Data from the Energy Information Administration, showed that US gasoline inventories and distillate stockpiles, fell more than expected, in a sign of a strong demand. The latter fell fell 4.5 million barrels last week, while the former, fell 4.1 million barrels. As gathered by Reuters.

“With the U.S. driving season just on the horizon, the market could get even tighter in coming weeks,” ANZ Research said in a note.

In the first two months of the year 2024, imports of crude oil rose 5.1% in China.
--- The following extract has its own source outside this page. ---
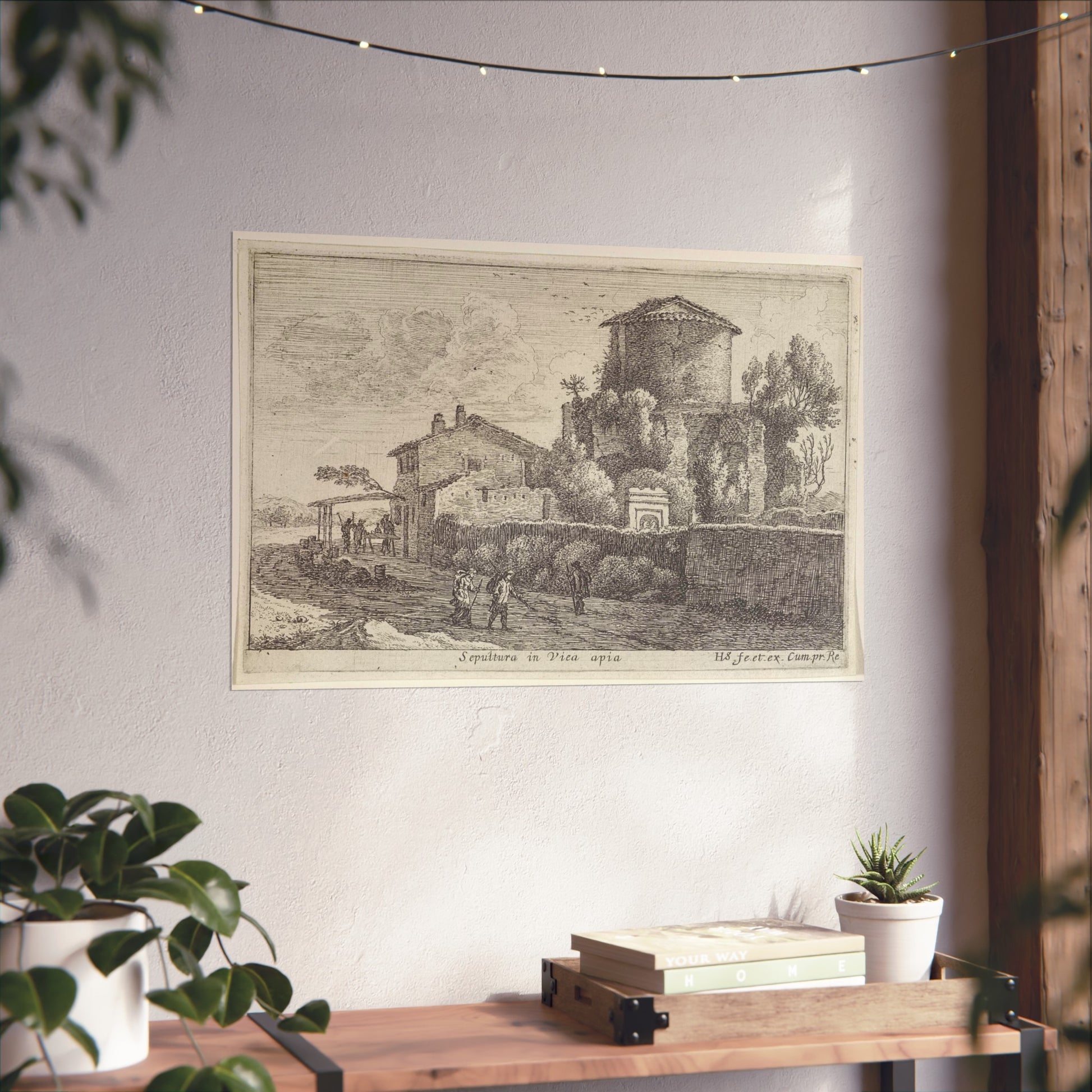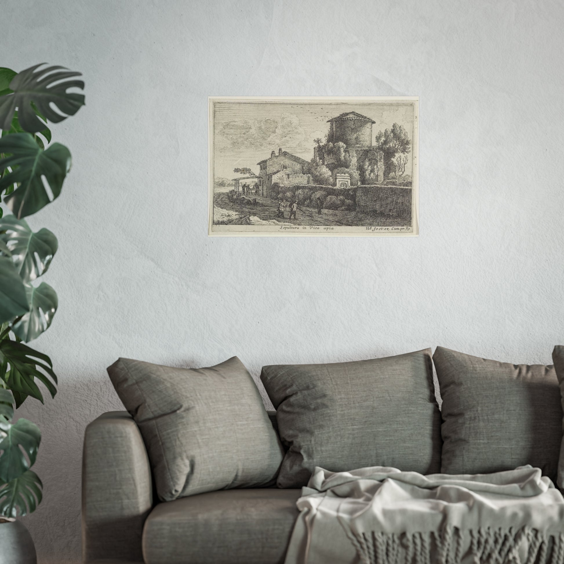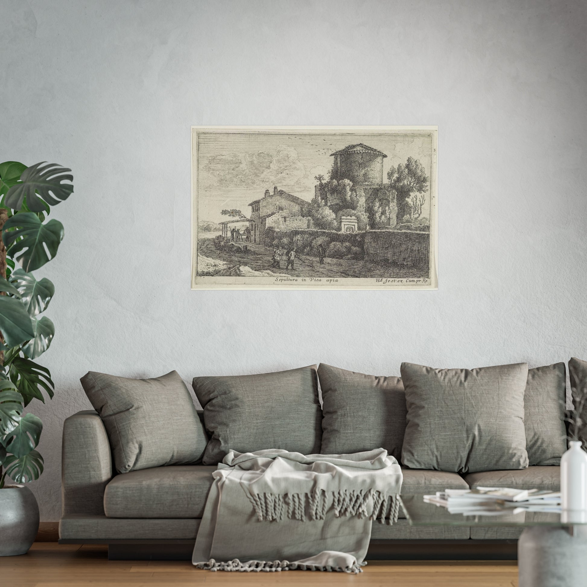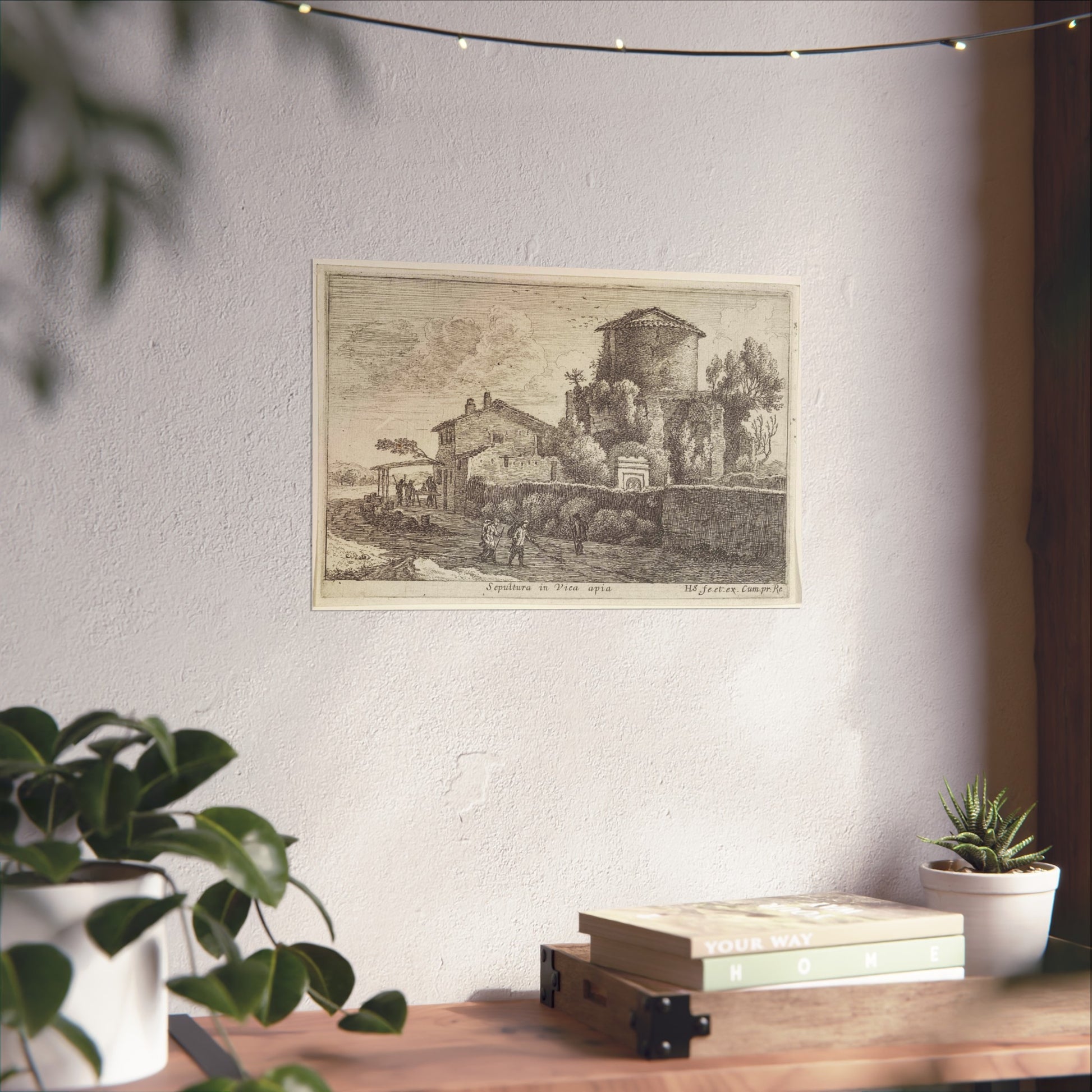 Several figures stand before a house adjacent to a tomb, while three travelers stroll down the Via Appia, passing by the walled cemetery. The scene is tranquil yet full of life, capturing the essence of everyday existence in the vicinity of this ancient Roman road.

And India’s fuel consumption increased 5.7% in February in the year, despite strong factory activity in the world’s third-biggest oil importer and consumer.

Capital Economics said in a note, that crude oil imports in China were up 3.3% in annual terms on the 29th of February.

“But that growth will be substantially lower than in 2023, when the end of zero-COVID restrictions led to a surge in activity in transport and travel,” the note added.

The U.S. central bank is “not far” from gaining enough confidence that inflation is falling sufficiently to begin cutting interest rates, noted Jerome Powell, Federal Reserve Chair.

“Weakness in the U.S. dollar may have offered some support thus far, as Powell’s comments seem to fall short of the hawkishness that was initially expected,” said Yeap Jun Rong, a market strategist at IG.

TC Energy’s,  Keystone oil pipeline in Canada have resumed service on Thursday after temporarily a major supply of Canadian oil to the US, one of the reasons for the rise in prices.